2. Recentemente, durante um debate no fórum “Potencial das línguas na recuperação das economias: espanhol e português”, promovido pela Organização dos Estados Ibero-americanos, o assunto do português como língua oficial da ONU voltou à baila. Luís Faro Ramos, presidente do Camões I.P., respondeu à pergunta “o que é que está a fazer de concreto para que o português seja língua oficial nas Nações Unidas?”. Faro Ramos começou por considerar que a consagração pela UNESCO do dia 5 de Maio como o dia mundial da língua portuguesa fora um passo muito importante nessa direcção e por sublinhar o compromisso existente entre todos os países da CPLP nesse sentido. Depois, o presidente do Camões, I.P. chamou a atenção para a necessidade de haver mais intérpretes e mais tradutores de língua portuguesa. “Mas há falta de pessoas com essas características?”, perguntou a moderadora. “Sim, sim. Sim, sim”, respondeu Faro Ramos, continuando com um enigmático “não estamos ainda num ponto em que possamos dizer que o temos”.

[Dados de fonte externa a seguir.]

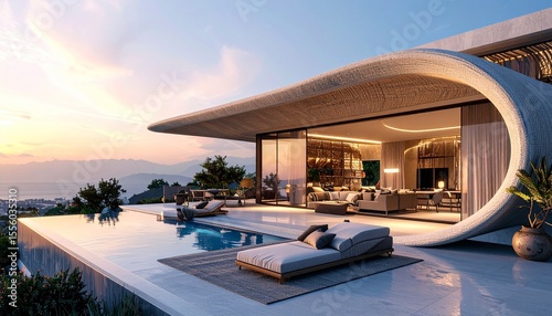 Fototapeta premium Traditional woven fabrics reimagined as architectural elements in a...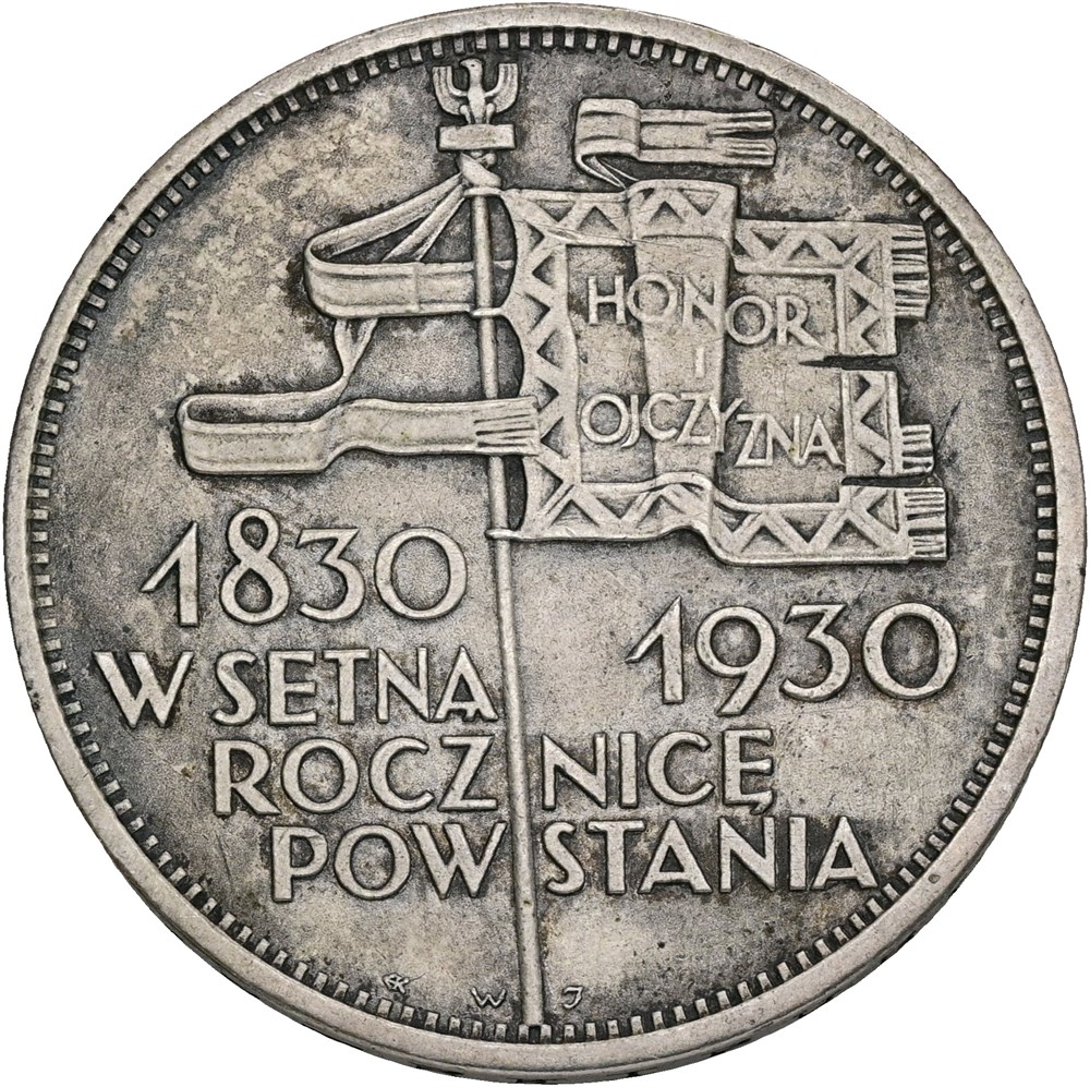 5 Zlotych 1930, centennial of 1830 revolution, cleaned, scratches.

Desconheço os números de que dispõe o presidente do Camões, I.P. para sublinhar a falta de intérpretes de língua portuguesa. Sou intérprete nas instituições da União Europeia (UE) há 18 anos e não tenho dado pela falta de intérpretes de cabina portuguesa no mundo institucional. Percorrendo uma lista igualmente aqui à minha frente, restringindo-me aos intérpretes de língua portuguesa que actualmente trabalham de forma permanente ou regular para as instituições da UE, estamos a falar de quase cem intérpretes, somando cerca de 40 funcionários (entre Parlamento Europeu, SCIC e Tribunal de Justiça) e 60 intérpretes independentes. Conheço colegas intérpretes de outras cabinas, funcionários do Parlamento Europeu e da Comissão Europeia, que fazem frequentemente comissões de serviço na ONU. Por isso, o universo de intérpretes disponíveis para trabalharem na ONU não se limita a futuros funcionários da organização, o leque é muito mais alargado.

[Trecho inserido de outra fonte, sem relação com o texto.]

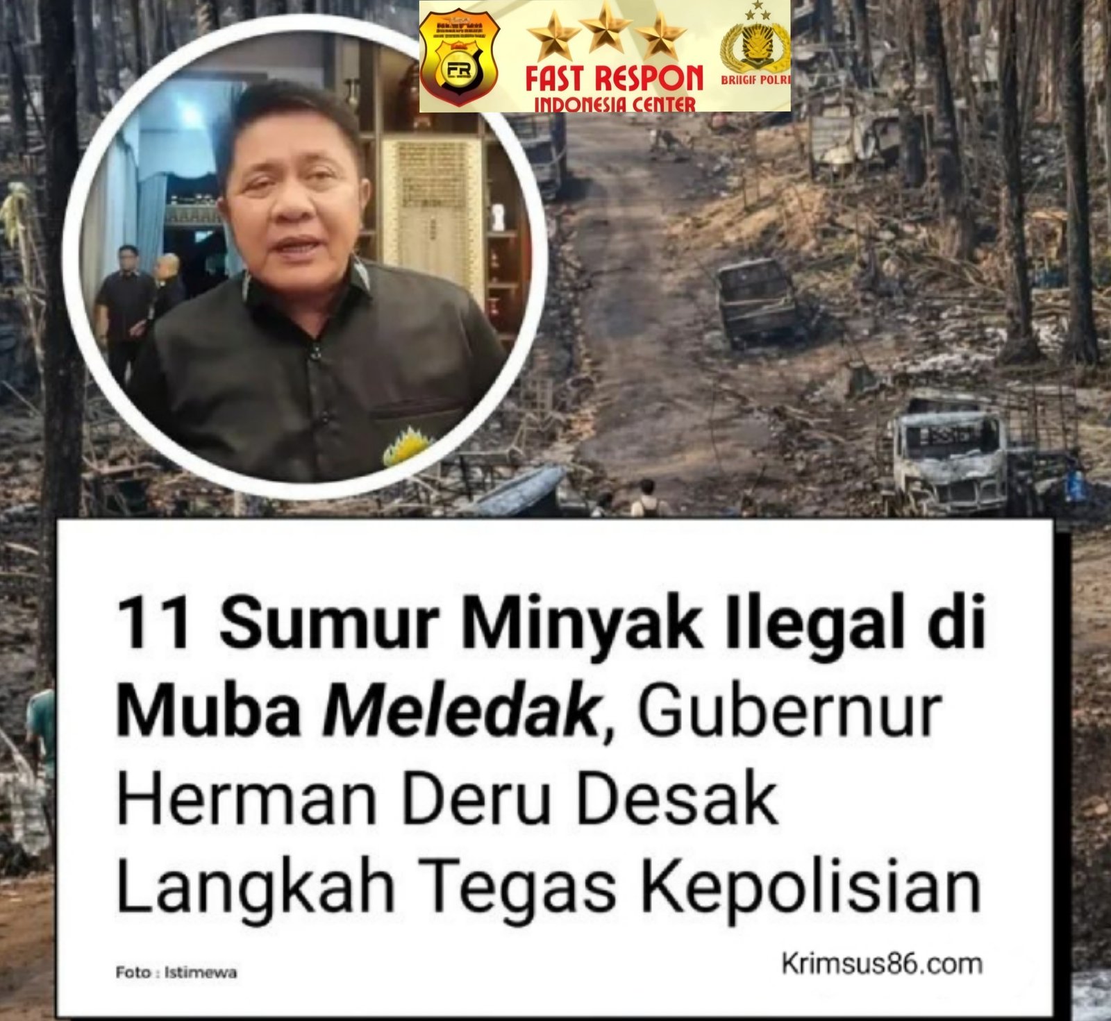Krimsus86.com Palembang, 3 April 2026 — Gubernur Sumatera Selatan, Herman Deru, menyatakan telah menerima laporan resmi dari Bupati Musi Banyuasin terkait insiden ledakan belasan sumur minyak ilegal di Kecamatan Keluang, Kabupaten Musi Banyuasin (Muba).

Por vezes, como agora, em tempos de Covid-19, não há é trabalho suficiente para os intérpretes que já existem. Aliás, durante a comunicação anterior à declaração polémica, Faro Ramos até referiu o aspecto da actual redução do trabalho dos intérpretes. Os números por mim apresentados limitam-se aos intérpretes à disposição das instituições da UE. Falta ainda mencionar os colegas que nunca colaboraram com estas instituições, espalhados por todos os cantos do mundo e, de certeza, muitos deles com qualidade para trabalharem na ONU. Agora, tudo depende de políticos e diplomatas fazerem o seu papel e conseguirem levar o barco do português como língua oficial da ONU a bom porto. Aguardo com impaciência uma resposta do presidente do Camões, I.P., com números concretos, para saber o porquê de ter dado a entender a míngua de intérpretes de língua portuguesa no mercado. Não será certamente por falta de intérpretes que a língua portuguesa deixará de ser língua oficial da ONU.

Nótula 1: Quanto ao tema português língua oficial da ONU, recomendo a excelente nota “O acordo ortográfico, o português nas Nações Unidas ou uma história (muito) mal contada”, de João Roque Dias.

Nótula 2: O presidente do Camões, I.P. referiu igualmente a escassez de tradutores. Infelizmente, não disponho de informação sobre o número de tradutores de língua portuguesa no activo e com qualidade para trabalharem na ONU. Fico à espera dos números que Luís Faro Ramos fará o favor de divulgar.